Un état des lieux, établi contradictoirement, constate une situation de fait jusqu’à preuve du contraire.

Note :

Cet arrêt de cassation retient l’attention, d’une part, en ce qu’il exonère le légataire du bailleur à titre particulier de l’obligation de restituer le dépôt de garantie au locataire sortant et, d’autre part, en ce qu’il confirme la jurisprudence selon laquelle un état des lieux ne fait foi que jusqu’à preuve contraire.

Succession et restitution du dépôt de garantie. – Rendue, sur ce moyen, au double visa de l’art. 22 de la loi du 6 juillet 1989 (selon lequel le bailleur doit restituer le dépôt de garantie au locataire dans les deux mois de la remise des clés) et de l’art. 1024 du Code civil (disposant que le légataire à titre particulier n’est pas tenu des dettes de la succession), cette décision affirme que la restitution du dépôt de garantie incombe au bailleur originaire et ne se transmet pas à son ayant cause particulier. En conséquence, la décision de la Cour d’appel (CA Versailles, 29 mars 2002) ayant condamné le légataire à titre particulier de l’usufruit d’un pavillon loué à restituer le dépôt de garantie au locataire sortant est censurée.
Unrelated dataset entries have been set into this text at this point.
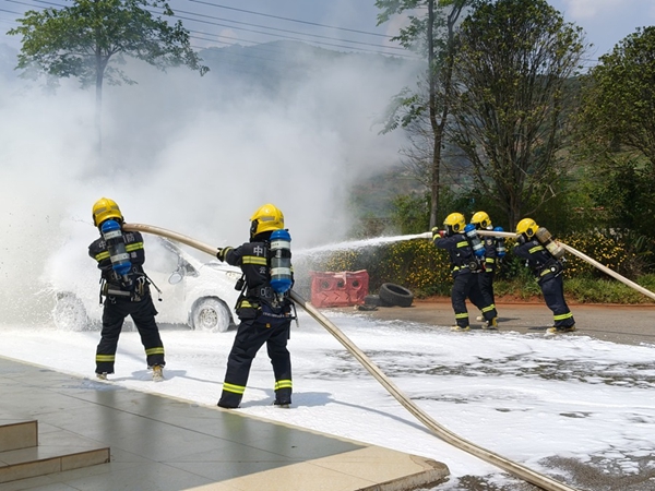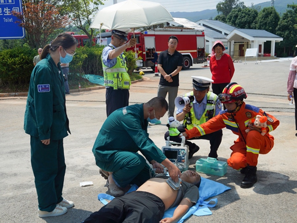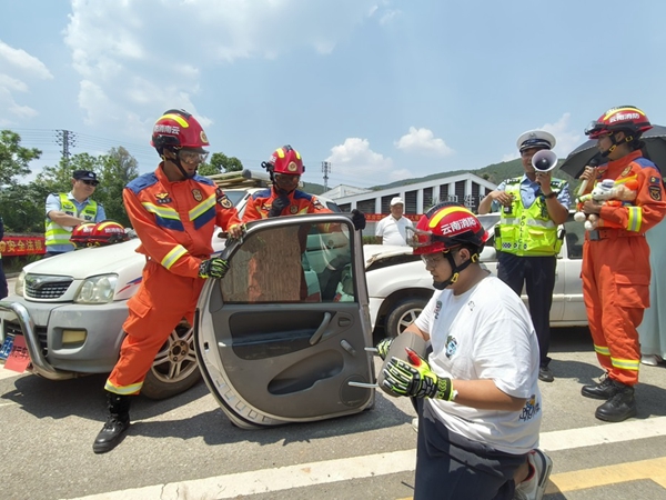 緊接著消防員還為大家現(xiàn)場進行了安全帶“冷”知識應(yīng)用演示、隧道被困人員疏散演示、車輛自燃滅火演示、模擬傷員急救演示和車輛盲區(qū)演示,大家看得津津有味,云南交投集團昆明西管理處工作人員張先生說:“我在旁邊拍照都感受到火焰溫度很高,消防員們真的太辛苦了,我今后會注意不在車內(nèi)放易燃物品。”
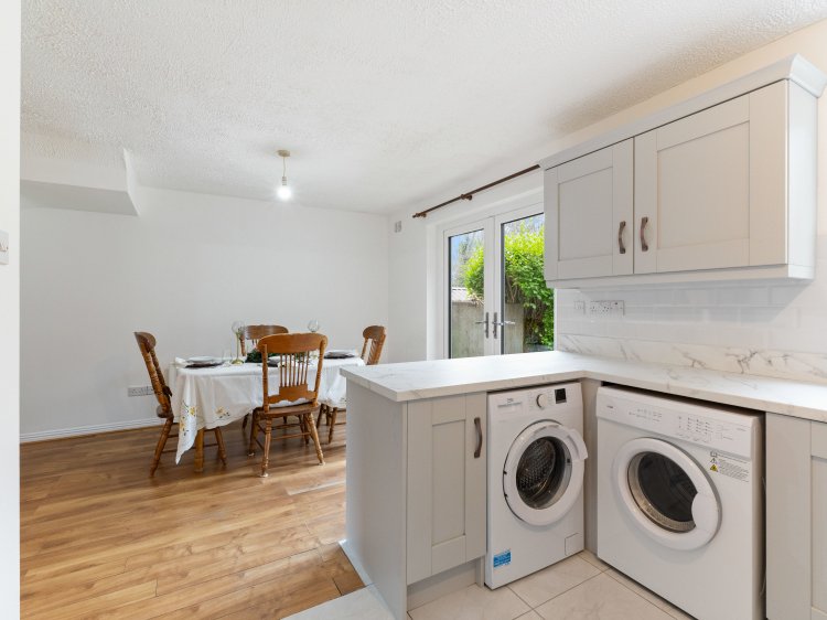 This is entirely open plan with a newly fitted kitchen complete with new appliances to include integrated dishwasher, dryer and washing machine. There is an oven, hob, fridge freezer and magnificent standard of finish with a beautifully tiled back splash. The dining area has laminate wood flooring and newly fitted triple glazed french doors opening out onto the rear garden area.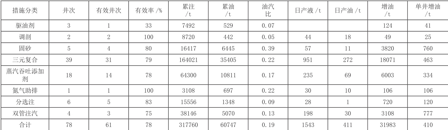 表2 井组实施工艺措施表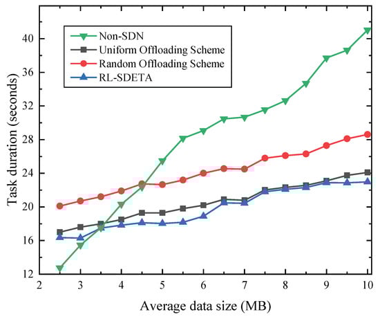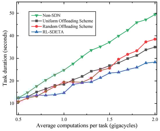 According to Figure 5, we can conclude that the larger the computational and data volume of the computational task, the longer the task duration. Our proposed RL-SDETA algorithm had a shorter task duration compared to the other two schemes. This was because the RL-SDETA algorithm was implemented to minimise the task duration by considering the task computation and data volume, the computational capacity of the server and the remaining computational resources. In addition, we found that the global optimisation effect of the SDN was not obvious when the task data volume was small, but as the task data volume increased, network optimisation through the SDN became necessary. This was because the SDN architecture could optimise the network congestion level when the task data volume was relatively large, and the RL-SDETA algorithm could even take the task data volume size into account in the edge server selection process.

Si, comme l’indiquait le moyen du pourvoi, l’usufruit a pleine qualité pour donner à bail et percevoir les loyers, cette solution est tout à fait justifiée par lettre de l’art. 1024. Elle doit être rapprochée de la jurisprudence rendue en matière de vente du bien loué. En pareil cas, la Haute juridiction estime en effet que la clause de l’acte de vente d’un immeuble loué à un tiers, relative à la transmission à l’acquéreur du dépôt de garantie perçu par le bailleur, n’est pas opposable au preneur, non partie à l’acte de vente (Cass. 3e civ. 18 janv. 1993).
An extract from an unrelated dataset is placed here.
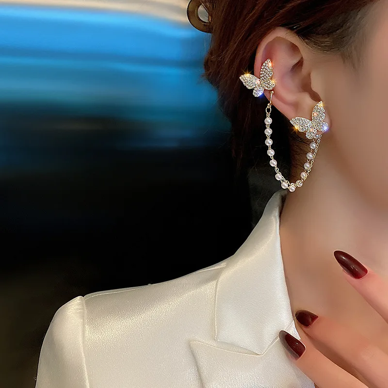 Серьги-капельки женские, элегантные, корейские, стразы, бабочки, металлическая цепочка, 2021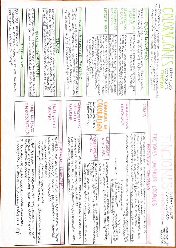 Esquema del tema Coloraciones y tinciones y de los dos temas de Patología Pulpar

On retiendra par ailleurs a contrario de cet arrêt que le locataire pourrait, le cas échéant, diriger, avec succès, une action en remboursement contre le légataire universel ou à titre universel du bailleur, l’art. 1012 c. civ. précisant que « le légataire à titre universel sera tenu, comme le légataire universel, des dettes et charges de la succession du testateur (…) ».

Force probante d’un état des lieux contradictoire. – L’arrêt d’appel est également censuré en ce qu’il a refusé de prendre en compte un élément venant contredire l’état des lieux de sortie établi contradictoirement par les deux parties et selon lequel le preneur s’était acquitté de son obligation d’élaguer des arbres. Cette cassation est motivée par le fait que l’état des lieux dressé contradictoirement ne fait que constater une situation de fait jusqu’à preuve contraire (Cass. 3e civ., 23 mai 2002), laquelle peut être établie par tous moyens (CA Paris, 3 mars 1999).

On mentionnera par ailleurs que la Haute juridiction a récemment admis la validité d’un état des lieux contradictoire dressé en un seul exemplaire, au motif, là encore, que ce document se borne à constater une situation de fait et qu’ainsi, il n’est pas soumis à l’exigence de l’art. 1315 c. civ., en vertu duquel les actes sous seing privé contenant des conventions synallagmatiques ne sont valables qu’autant qu’ils ont été faits en autant d’originaux qu’il y a de parties ayant un intérêt distinct (Cass. 3e civ., 23 mai 2002).